Themes: Core theme of the sins of the past being visited on the present, and dealing with it in said present. Again, not the deepest theme in the world (it's done again in SA2), but it's still there, and indeed, I almost chose SA2 in place of SA1 because of it. That said, in this area, I do think SA1 pulls it off better here, in that it's a more somber story than SA2, and while Shadow's tragedy works well on the personal level, Chaos's tragedy works well on the thematic level
See I think this is where our disagreements lie. This thread is called "Games with great stories PERIOD" not "Games with great stories relative to their franchise, or genre". It should be a listing of the best stories gaming has to offer without caveat and if that excludes a bunch of genres or franchises because they simply aren't story focused so be it.To be clear, SA1 isn't the best story of all time, but by the standards of the series, and more importantly, the genre? There's a reason why Sonic's one of the few platformers I've remained invested in over the years, and why despite its flaws, Frontiers was a welcome return to form in the story area.

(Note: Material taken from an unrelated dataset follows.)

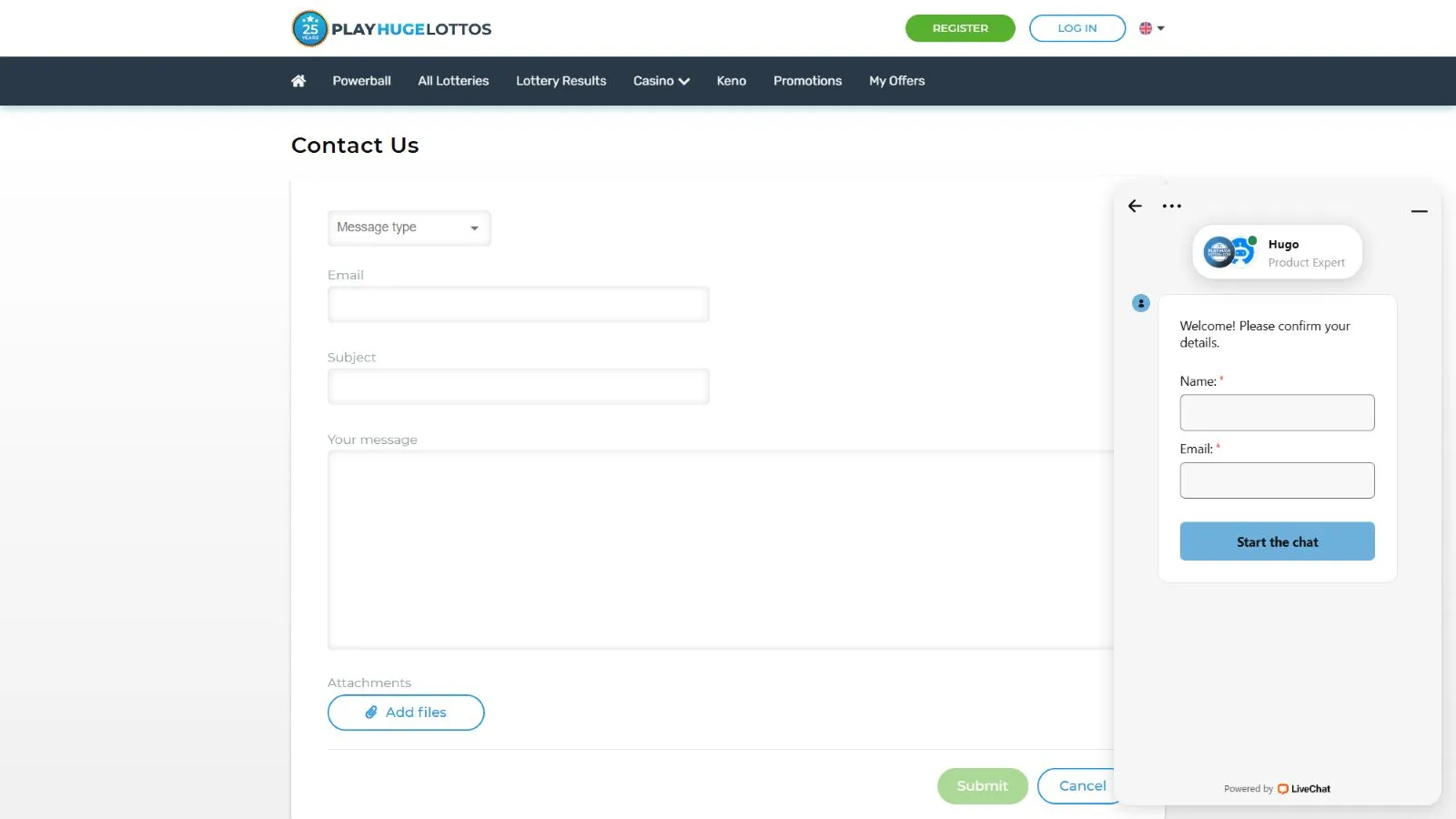 Для зв’язку зі службою підтримки PlayHugeLottos можна залишити свій номер для зворотного дзвінку. Тоді оператор подзвонить по телефону, вказаному у профілі користувача. Також можна миттєво вийти на зв’язок з представником служби підтримки, обравши «Миттєву допомогу» у розділі «Довідка».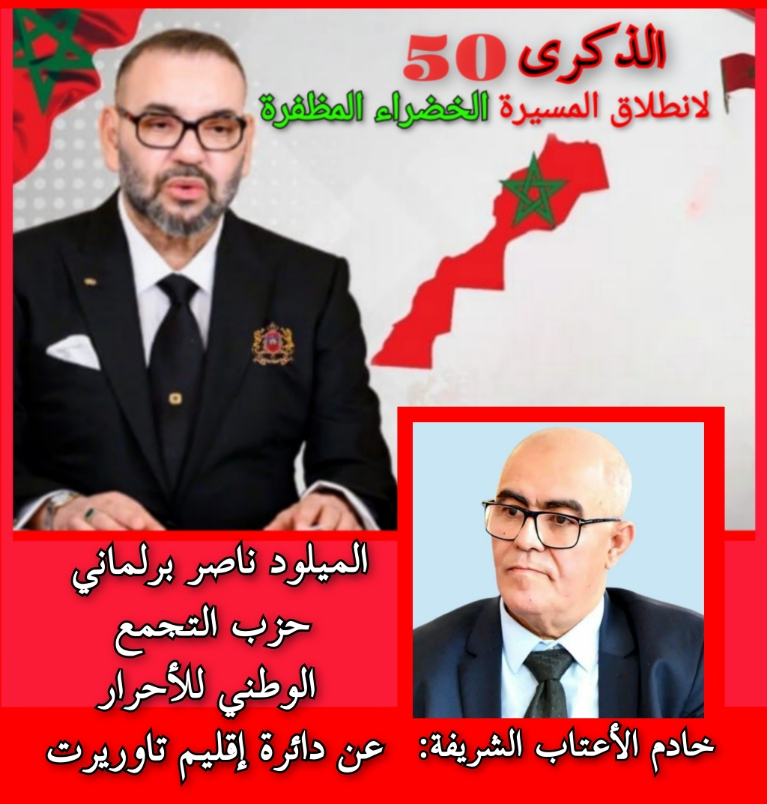 بمناسبة تخليد الشعب المغربي قاطبة للذكرى الخمسين لانطلاق المسيرة الخضراء المظفرة، التي تتزامن هذه السنة مع اعتماد القرار الأممي الصادر عن مجلس الأمن بشأن الصحراء المغربية، والذي يجدد تأكيد دعم المجتمع الدولي لمبادرة الحكم الذاتي تحت السيادة المغربية، يتشرف السيد الميلود ناصر،برلماني حزب التجمع الوطني للأحرار عن دائرة إقليم تاوريرت، بأن يرفع إلى المقام السامي لصاحب الجلالة الملك محمد السادس نصره الله وأيده، أسمى آيات التهاني والتبريك، مشفوعة بخالص معاني الولاء والإخلاص.

You need to obtain a ROM of the game and patch it with the fan translation found here, then you can play it on an emulator like Visual Boy Advance. This is all perfectly legal as long as you rip the ROM off of a cart you own, as of course you are going to do.Went to Steam to see if they have Mother 3 at the store. Motherless 3 came up instead and I'm sure it isn't what you are referring! That one is a XXX video narrative "game". Where would one find it Mother 3?
Final Fantasy X had my favorite game story to date. Not that others aren't great. Just that this one to this day is still my favorite.